### Material supplied

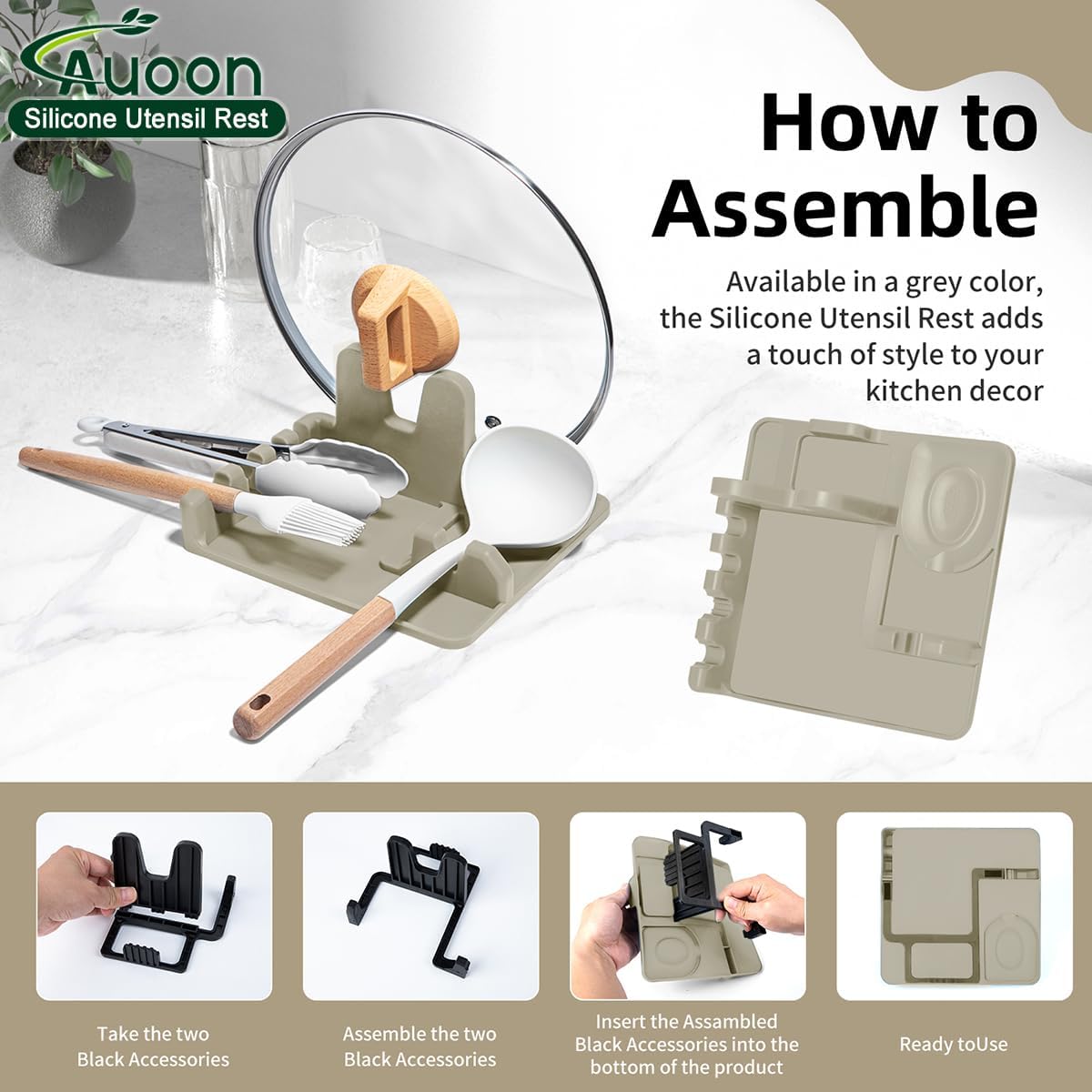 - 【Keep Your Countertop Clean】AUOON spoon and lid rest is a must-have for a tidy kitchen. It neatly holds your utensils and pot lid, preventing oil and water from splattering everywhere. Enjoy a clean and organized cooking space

######
### Material supplied

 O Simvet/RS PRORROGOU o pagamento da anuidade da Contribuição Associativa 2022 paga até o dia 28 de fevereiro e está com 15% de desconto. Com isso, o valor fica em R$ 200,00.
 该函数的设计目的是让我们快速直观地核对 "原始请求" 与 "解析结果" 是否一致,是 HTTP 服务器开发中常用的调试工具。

######

### To do
The required output is the stretch of entries above from the line containing "O Simvet/RS PRORROGOU" through the line containing "是否一致,是 HTTP 服务器开发中常用的调试工具。", reproduced exactly.

### Response area
 O Simvet/RS PRORROGOU o pagamento da anuidade da Contribuição Associativa 2022 paga até o dia 28 de fevereiro e está com 15% de desconto. Com isso, o valor fica em R$ 200,00.
 该函数的设计目的是让我们快速直观地核对 "原始请求" 与 "解析结果" 是否一致,是 HTTP 服务器开发中常用的调试工具。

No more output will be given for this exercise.